### Exercise description
Each entry is to be retyped without alteration, and no picture is to be included.

### Input records
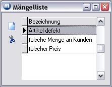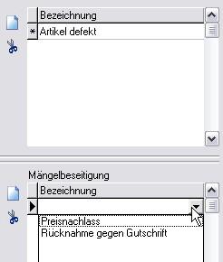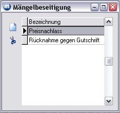 Im Reklamationsbeleg können Sie dann aus der Mängelliste/Mängelbeseitung den gewünschten Parameter auswählen.
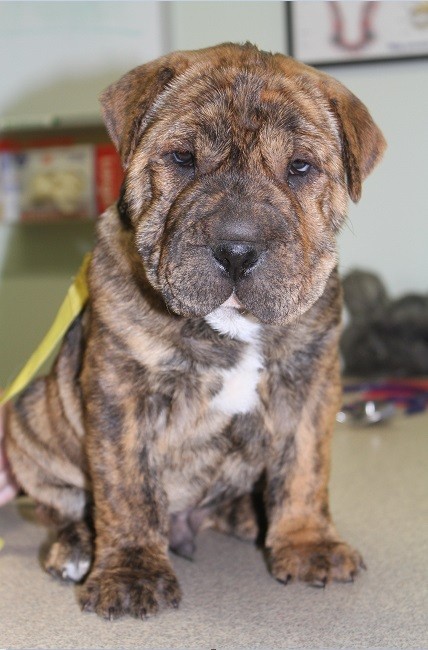 Aramis, what a beauty this boy is with his striking brindle colouring. He has lots of love to give and enjoys his cuddles. He will be a strong boy when he grows up and it is anticipated as with a lot of Shar-pei Athos will need some facial surgery as he grows to address entropia on his eyes.
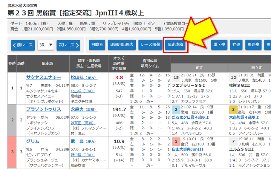 当該レースの「出馬表」より(競走成績)ボタンをクリックしてください。
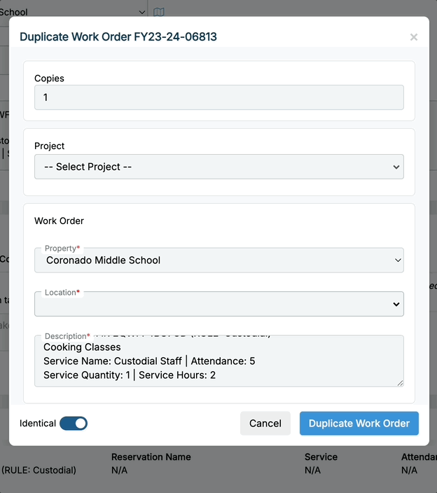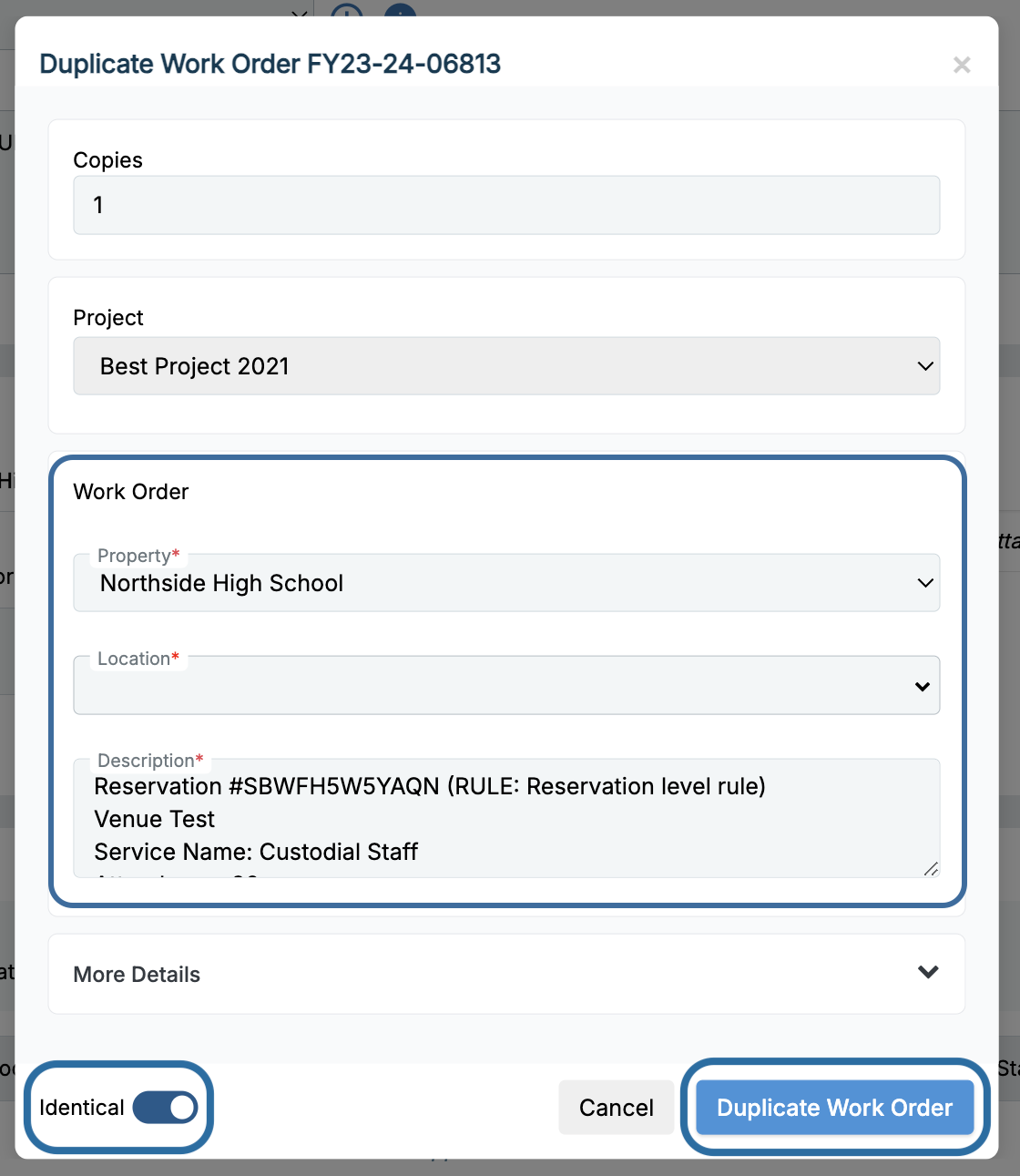 The following popup will open. Enter the number of duplicates you would like to create in the Copies field. 1 will be selected by default. Next, select an existing project if the work orders are part of a project, and enter the work order information. The property, location, and a description are required in order to duplicate the work order. A purpose is also required and is automatically filled in under the More Details section. You can update it here if needed and add the trade, work category, or other details if necessary. The purpose will match the purpose of the work order being duplicated. Identical means all new copies are identical to each other, not to the original work order. You can modify any details from the original but not between the new copies.
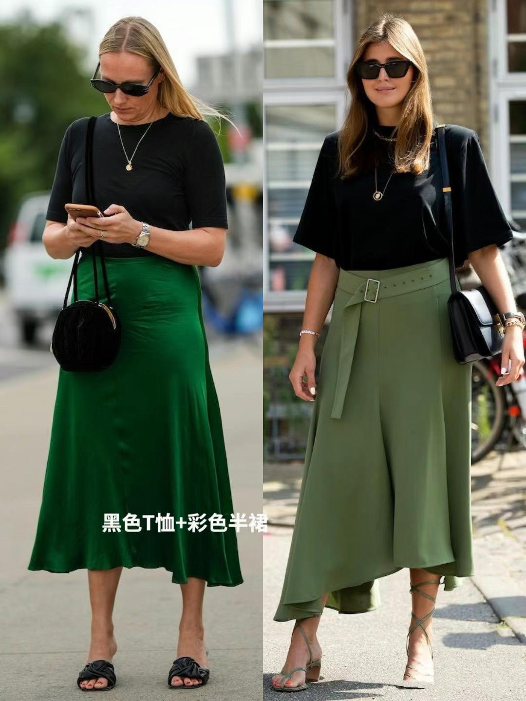 黑色T恤+綠色半身裙,也是一種高級耐看的配色。同屬於高飽和度的色彩,搭配起來也更爲端莊。寬鬆的黑色T恤,搭配裙襬的飄逸剪裁,隨性又不失女人味。

### Solution
 Im Reklamationsbeleg können Sie dann aus der Mängelliste/Mängelbeseitung den gewünschten Parameter auswählen.
 Aramis, what a beauty this boy is with his striking brindle colouring. He has lots of love to give and enjoys his cuddles. He will be a strong boy when he grows up and it is anticipated as with a lot of Shar-pei Athos will need some facial surgery as he grows to address entropia on his eyes.
 当該レースの「出馬表」より(競走成績)ボタンをクリックしてください。
 The following popup will open. Enter the number of duplicates you would like to create in the Copies field. 1 will be selected by default. Next, select an existing project if the work orders are part of a project, and enter the work order information. The property, location, and a description are required in order to duplicate the work order. A purpose is also required and is automatically filled in under the More Details section. You can update it here if needed and add the trade, work category, or other details if necessary. The purpose will match the purpose of the work order being duplicated. Identical means all new copies are identical to each other, not to the original work order. You can modify any details from the original but not between the new copies.
 黑色T恤+綠色半身裙,也是一種高級耐看的配色。同屬於高飽和度的色彩,搭配起來也更爲端莊。寬鬆的黑色T恤,搭配裙襬的飄逸剪裁,隨性又不失女人味。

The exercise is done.